▶ Your goal: Please repeat, from the entries that follow, the lines from the one containing "Expert installation of" through the one containing "05 أبريل 2016" exactly, adding nothing.

▶ Input:

- Opening Delimiter -

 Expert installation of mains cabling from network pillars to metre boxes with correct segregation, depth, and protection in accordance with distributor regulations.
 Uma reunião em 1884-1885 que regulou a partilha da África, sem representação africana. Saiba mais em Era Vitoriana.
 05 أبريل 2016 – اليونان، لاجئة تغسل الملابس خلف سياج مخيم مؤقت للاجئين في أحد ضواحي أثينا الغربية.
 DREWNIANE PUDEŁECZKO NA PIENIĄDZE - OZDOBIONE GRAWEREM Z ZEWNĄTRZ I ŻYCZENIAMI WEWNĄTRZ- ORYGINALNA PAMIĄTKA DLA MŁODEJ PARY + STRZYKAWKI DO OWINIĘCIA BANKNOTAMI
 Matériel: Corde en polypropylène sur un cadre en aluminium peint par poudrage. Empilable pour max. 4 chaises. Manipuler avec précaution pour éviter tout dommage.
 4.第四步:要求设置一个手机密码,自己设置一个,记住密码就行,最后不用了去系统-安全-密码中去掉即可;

- Closing Delimiter -
- Opening Delimiter -

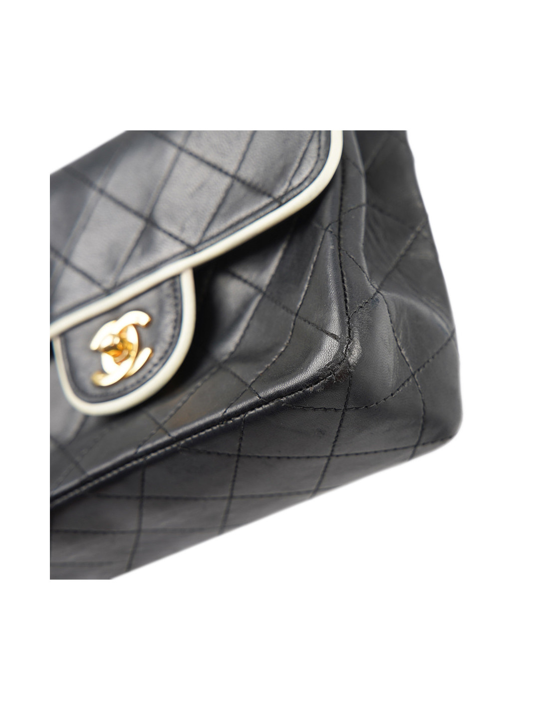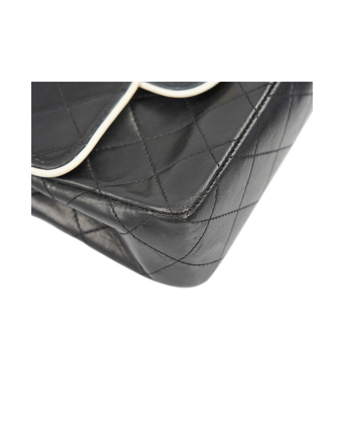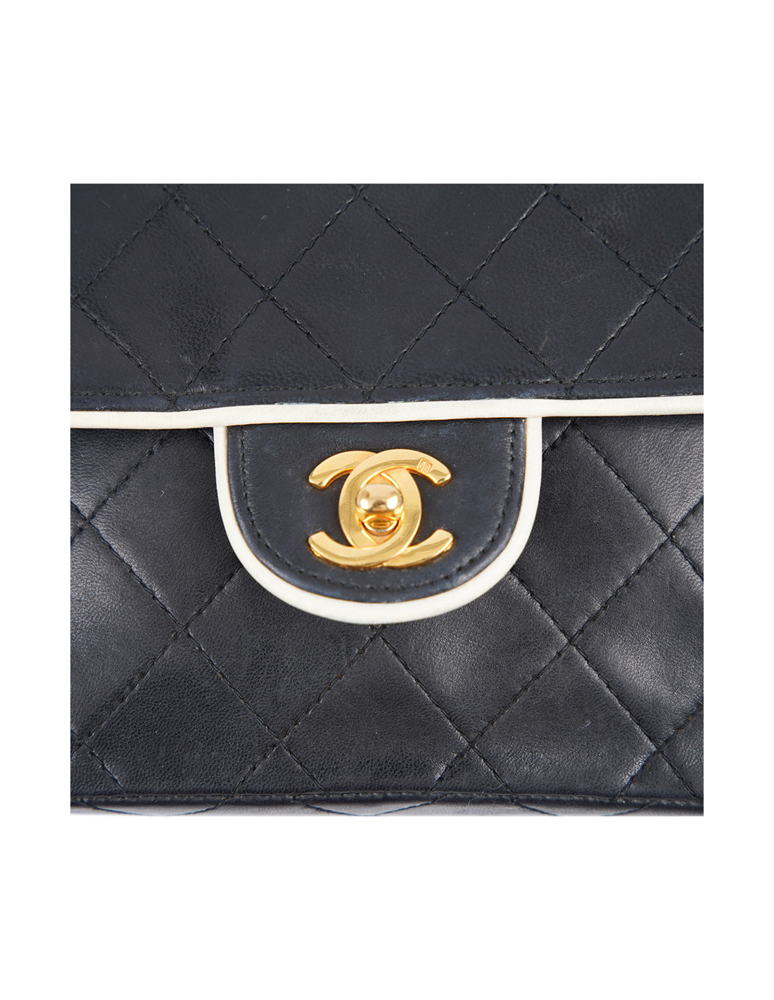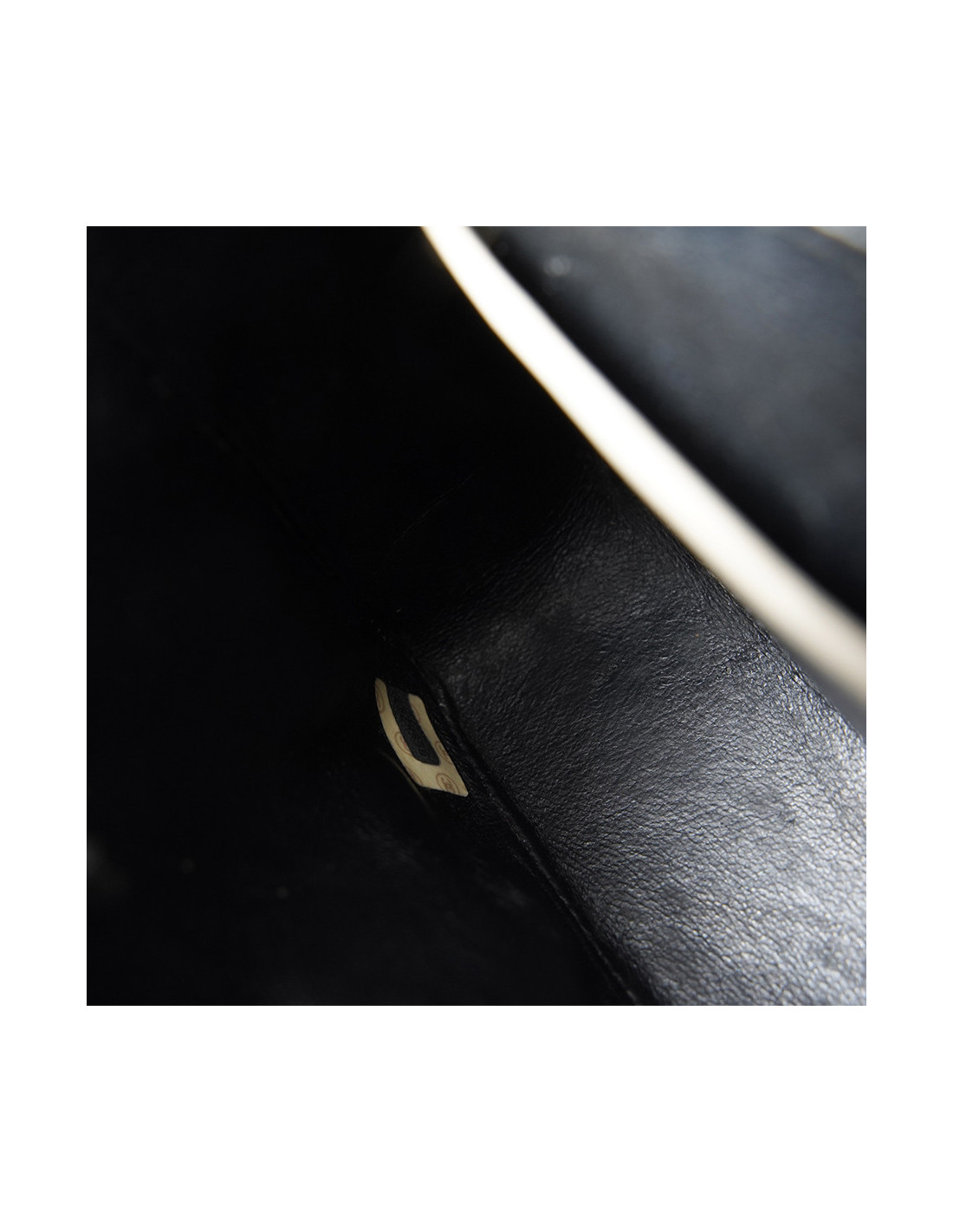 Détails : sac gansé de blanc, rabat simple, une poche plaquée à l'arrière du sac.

- Closing Delimiter -

▶ Output of the exercise:
 Expert installation of mains cabling from network pillars to metre boxes with correct segregation, depth, and protection in accordance with distributor regulations.
 Uma reunião em 1884-1885 que regulou a partilha da África, sem representação africana. Saiba mais em Era Vitoriana.
 05 أبريل 2016 – اليونان، لاجئة تغسل الملابس خلف سياج مخيم مؤقت للاجئين في أحد ضواحي أثينا الغربية.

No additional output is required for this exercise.